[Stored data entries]
####

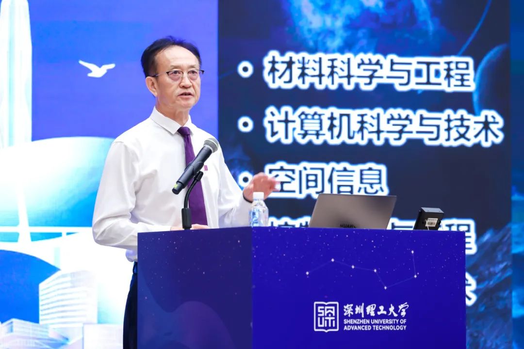 深圳理工大学校长樊建平作了题为《科教融汇、产教融合——建设世界一流新型研究型大学》的学校发展报告,详细介绍了学校的办学理念、学科建设及未来规划。深圳理工是一所高起点、高水平、高标准、高质量建设的公办普通本科学校,定位为新型研究型大学,着重开展基础性、前沿科学技术研究,培养拔尖创新人才。学校借鉴世界一流理工科大学的办学模式,坚持“科教融汇、产教融合”的教育理念——以“深脑、深智、生命、深空、深海、深地”的“六深”前沿方向,联合一流科研机构,布局“科教融汇”力量;链接区域产业资源,构建区域产业发展与创新人才培养双协同的“产教融合”新路径。
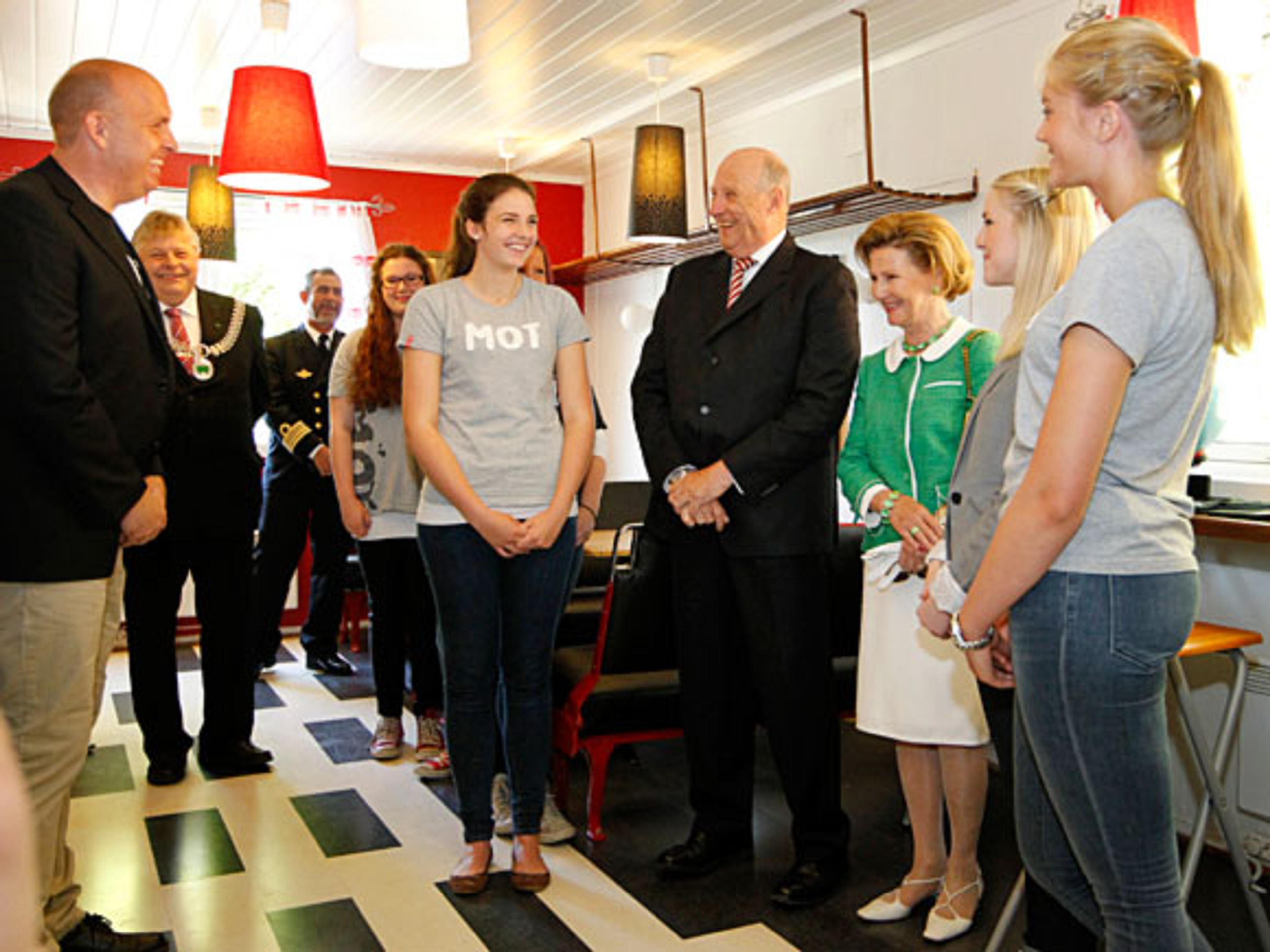 «Det store gule huset» huser flere frivillige organisasjoner, og i dag avla Kongen og Dronningen et besøk på ungdomskafeen MOT nettopp har åpnet her. MOT arbeider for og med ungdom og lokalsamfunn, og søker å bidra til trygge miljø der unge tar vare på hverandre og tør å vise MOT.
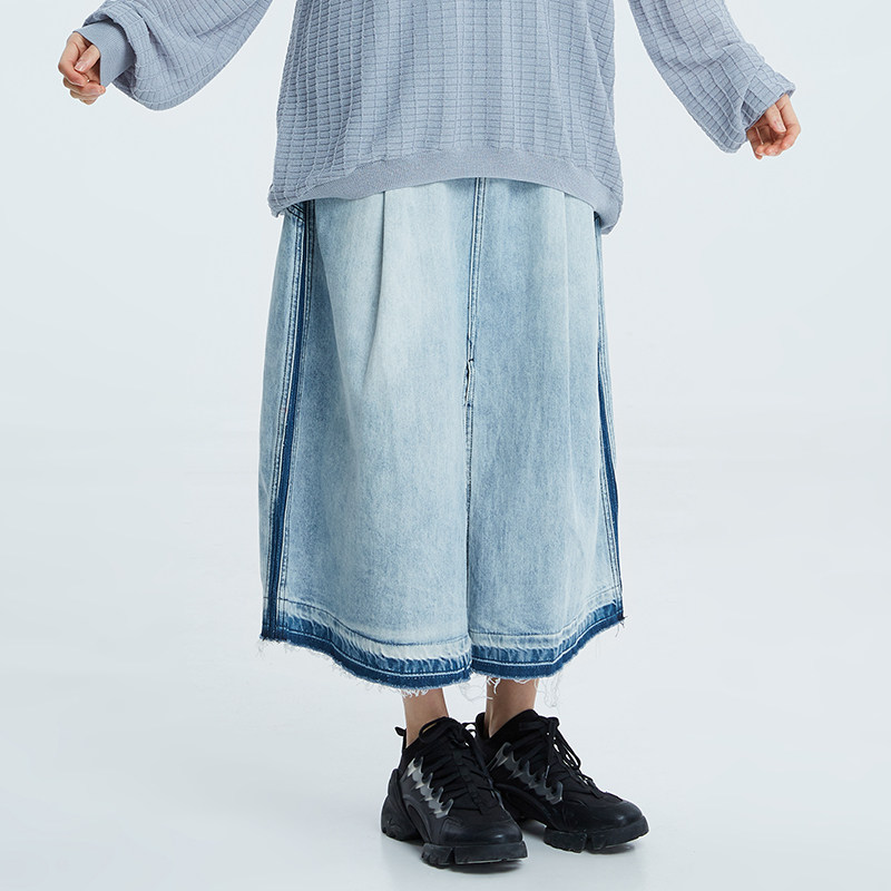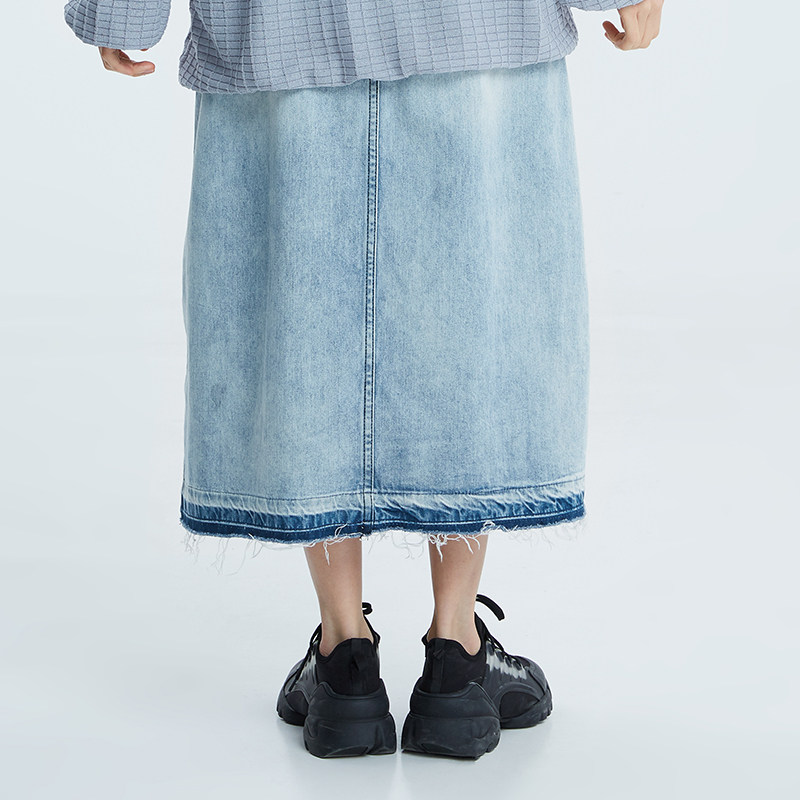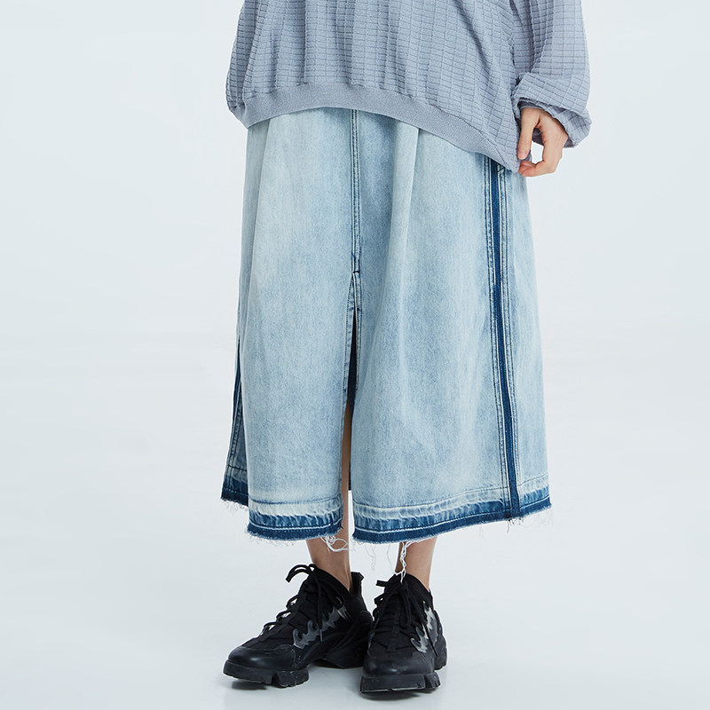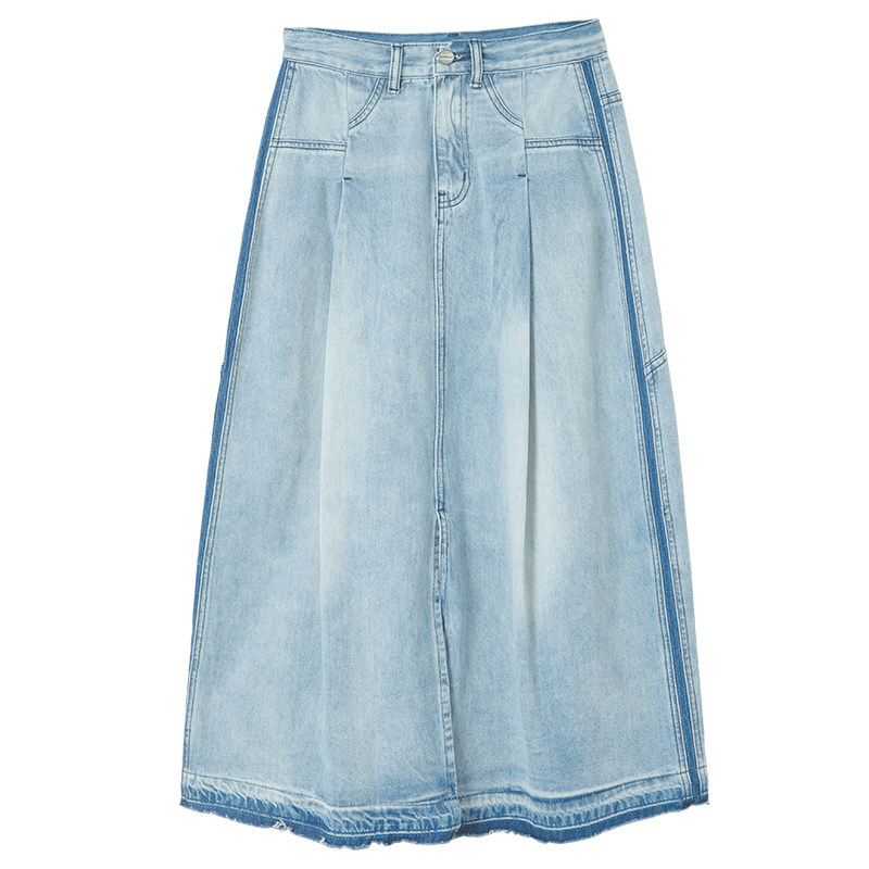 theMSLAN Весенне-летняя женская модная простая джинсовая юбка с завышенной талией и разрезом спереди mslan BAN632201
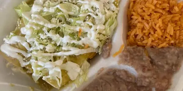 3 Chicken Or Carnitas Enchiladas Covered With Creamy Poblano Salsa Topped With Lettuce, Sour Cream, Queso Fresco, Rice And Refried Or Black Beans.
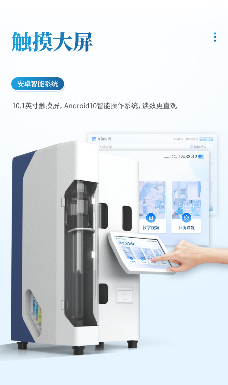 (2) 自動完成加堿、加硼酸、加稀釋液、加蒸餾水等加液步驟;自動完成蒸餾、吸收、滴定等操作步驟;滴定完成后反應杯自動排空和清洗。
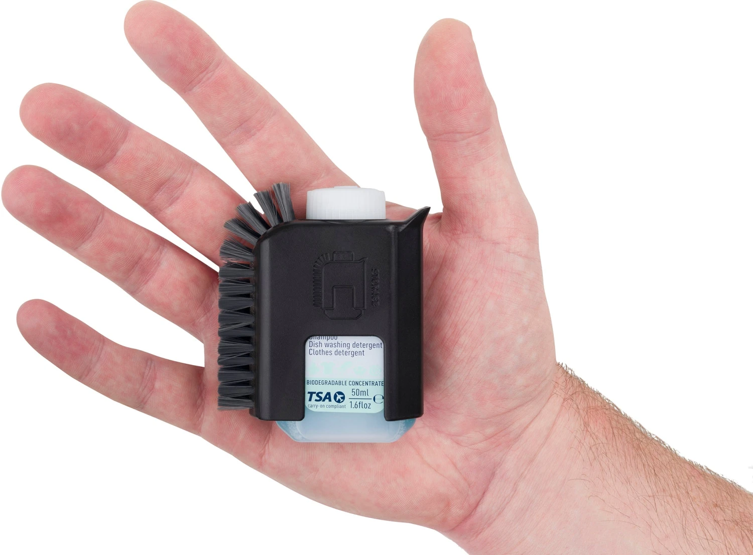 • Pratique et peu encombrant : Cette brosse à récurer avec bouteille de savon Wilderness Wash de 50 ml intégrée tient dans la paume de votre main
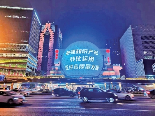 世界知识产权日,上海徐家汇等商圈地标建筑亮灯,滚动展示知识产权保护宣传标语
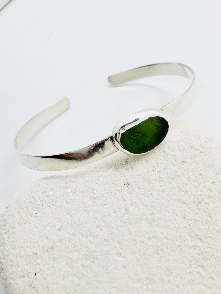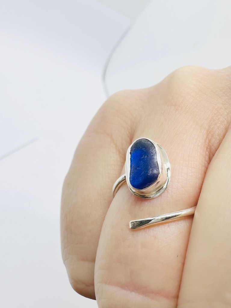 These recycled sterling silver rings have an open finish which allows for flexibility over a few sizes. This allows for the wearer to swap the ring onto various fingers or to allow for swelling or larger knuckles. Prices start at £42 depending on shape, size and amount of silver used in the design. I am very happy to use your own seaglass if you have collected something special or meaningful. Contact me to discuss.
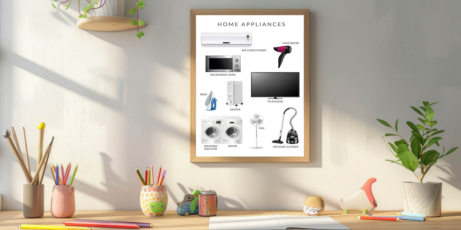 Home Appliances Kids Educational Wall Art - Learning Poster

####

Copy nothing outside the span: please output the lines from the one with "theMSLAN Весенне-летняя женская" through the end of the entries above, and skip the pictures.

* _Answer for the task_
 theMSLAN Весенне-летняя женская модная простая джинсовая юбка с завышенной талией и разрезом спереди mslan BAN632201
 3 Chicken Or Carnitas Enchiladas Covered With Creamy Poblano Salsa Topped With Lettuce, Sour Cream, Queso Fresco, Rice And Refried Or Black Beans.
 (2) 自動完成加堿、加硼酸、加稀釋液、加蒸餾水等加液步驟;自動完成蒸餾、吸收、滴定等操作步驟;滴定完成后反應杯自動排空和清洗。
 • Pratique et peu encombrant : Cette brosse à récurer avec bouteille de savon Wilderness Wash de 50 ml intégrée tient dans la paume de votre main
 世界知识产权日,上海徐家汇等商圈地标建筑亮灯,滚动展示知识产权保护宣传标语
 These recycled sterling silver rings have an open finish which allows for flexibility over a few sizes. This allows for the wearer to swap the ring onto various fingers or to allow for swelling or larger knuckles. Prices start at £42 depending on shape, size and amount of silver used in the design. I am very happy to use your own seaglass if you have collected something special or meaningful. Contact me to discuss.
 Home Appliances Kids Educational Wall Art - Learning Poster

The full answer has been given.